Why people think "reading" CLRS completely is impossible?

If you search for "CLRS" in Google, in Jun 2011, you would find a link which ask "How many programmers recommending “Introduction to algorithms” by CLRS actually read whole book?"

This is a valid question.  In a way, it is similar to "How many people recommending "Feynmann Lecture of Physics" actually read the whole book?" or "How many people actually read Dickens? Austen? Tolstoy? Dostoevsky?" or even "Tolkien?".   In my way of thinking, I think people who have doubt about reading CLRS is possible don't really have issues in programming and algorithmic study.   What they don't grasp is how reading and understanding works. 


Most of us can read.  The difference is mostly an issue about speed and understanding.   Speed is easy to understand,  sparing technicalities, the number of characters divided by the time you spent to read the whole book.   

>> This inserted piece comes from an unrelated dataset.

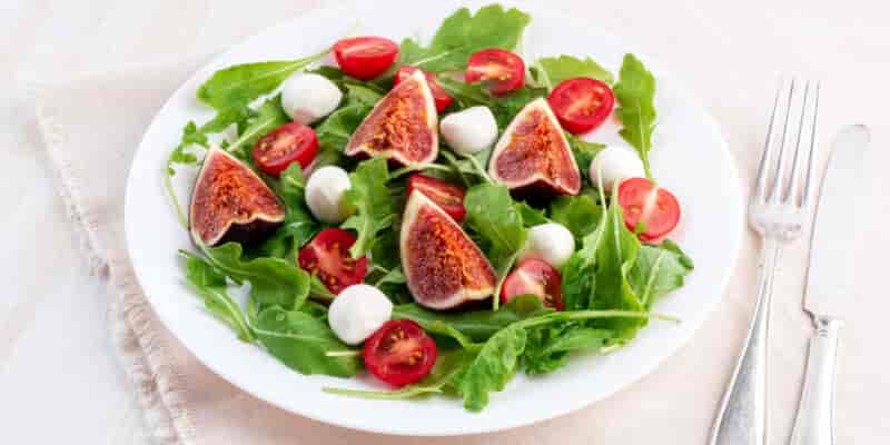 Σαλάτα με φρέσκα σύκα, μοτσαρέλα, ντοματίνια και βασιλικό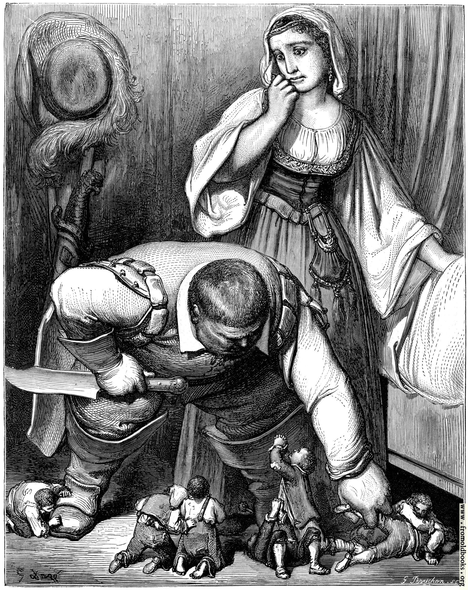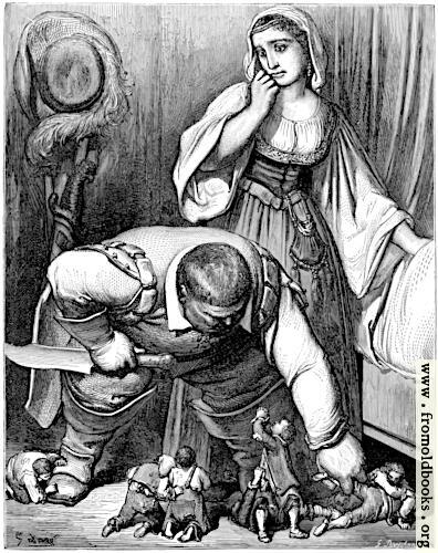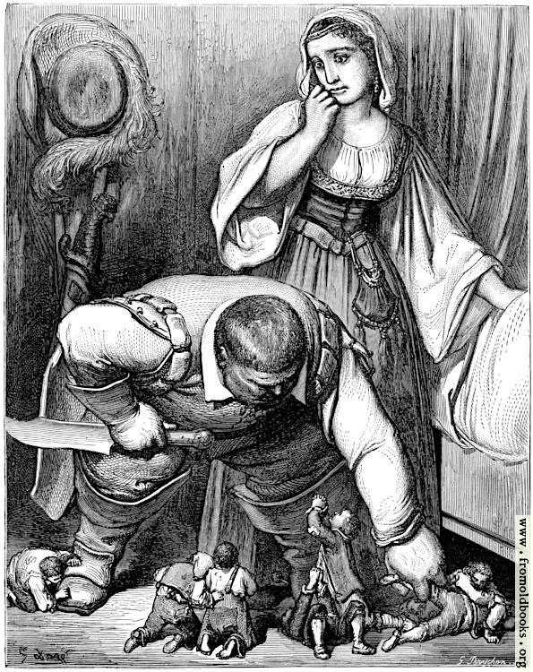 The emotions of the children (who actually appear to be shrunken adults in the picture) and of the wife are especially well portrayed in this masterful illustration by Gustave Doré.

But what is understanding then?  This is the core of the issues.  This is a tough problem but in many types of work, there are simple answer.   Let's work try to work out this kind of simple answer first.  For example, in fictional work, one can ask simply what is the plot of the story.   A deeper level, one can a detail chronology of all characters that include identifying their names, what they have done.   We also want to identify all their interactions.  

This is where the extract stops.